Chapter 19 – Lena #2
“Then why?” His voice cracked on it and he didn’t bother hiding it. His eyes were on the road but his hand had come off the wheel to press against his mouth, and I could see the muscle in his forearm straining.
Because I was scared. Because waking up in your arms felt too good and that terrified me. Because if I stayed I’d have to face what we did and what it meant.
“Because I panicked,” I admitted. “I’m sorry.”
He was quiet for a long moment. Then he exhaled through his nose and some of the tension left his shoulders. “Okay.”

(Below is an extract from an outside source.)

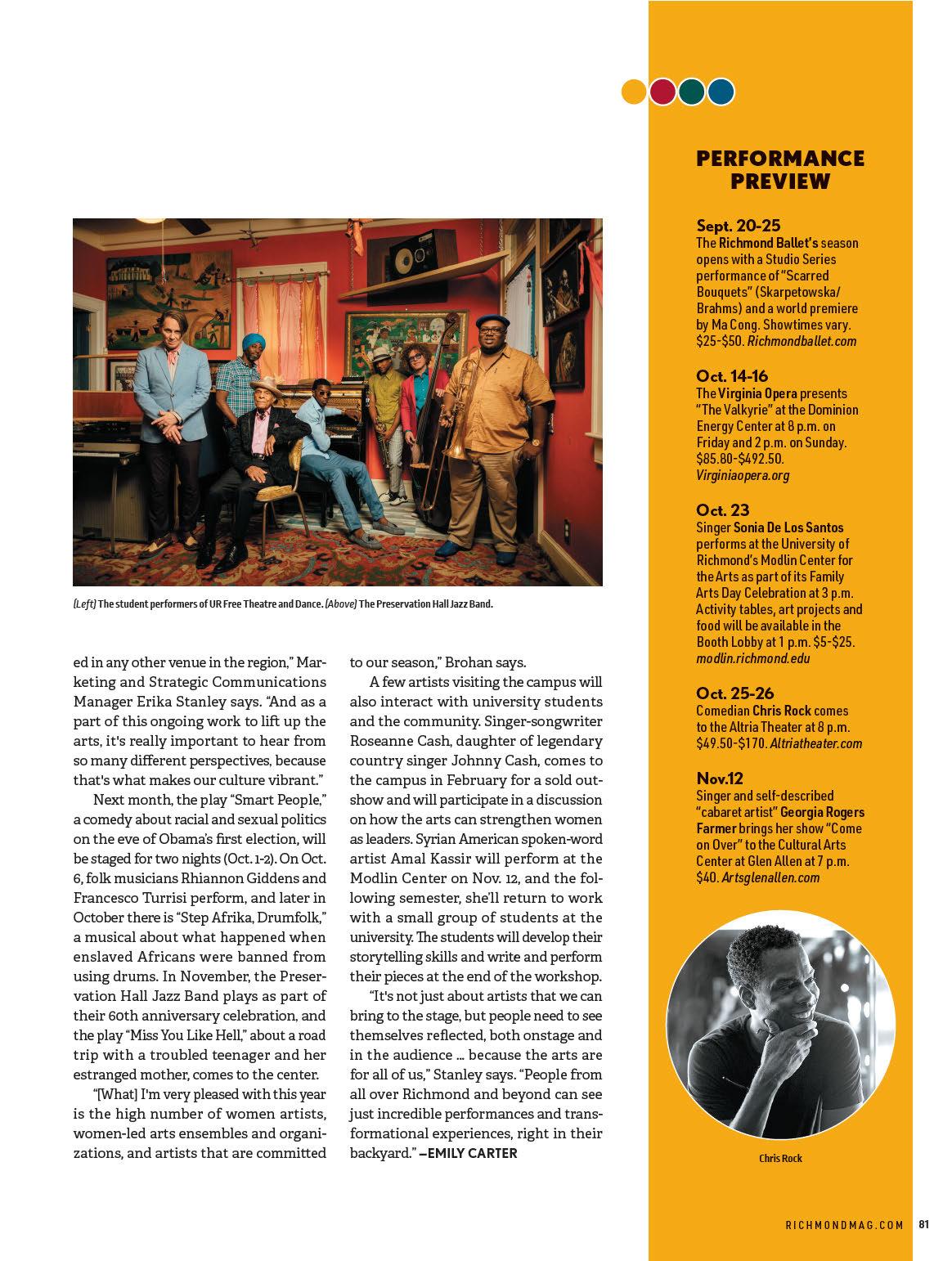 After two years of pandemic uncertainty, the fall arts season is back in full force. We present some of the hottest tickets in town and look at what’s new, from a record label highlighting homegrown talent to the lowdown on festival season, the Modlin Center’s slate of events, art happenings and more. By Craig Belcher, Emily Carter and Harry Kollatz Jr.

“Okay?” That was it? Just okay?
“Okay, I hear you. But you can’t do that to me again.” He glanced at me, and his eyes were raw. “I woke up and the whole bed still smelled like you and I thought…” He stopped and swallowed hard. “Doesn’t matter what I thought.”
It mattered. It mattered so much my chest ached.
“I won’t do it again,” I said quietly.
He nodded once. The highway hummed beneath us. Then, without looking at me, “So what are we doing, Lena? Because I had my fingers inside you and you came three times and then snuck out of my bed like it didn’t happen. I need to know what that means.”
For a moment I could only stare at him, my mouth open and nothing coming out. Heat flooded my face and my thighs pressed together on instinct.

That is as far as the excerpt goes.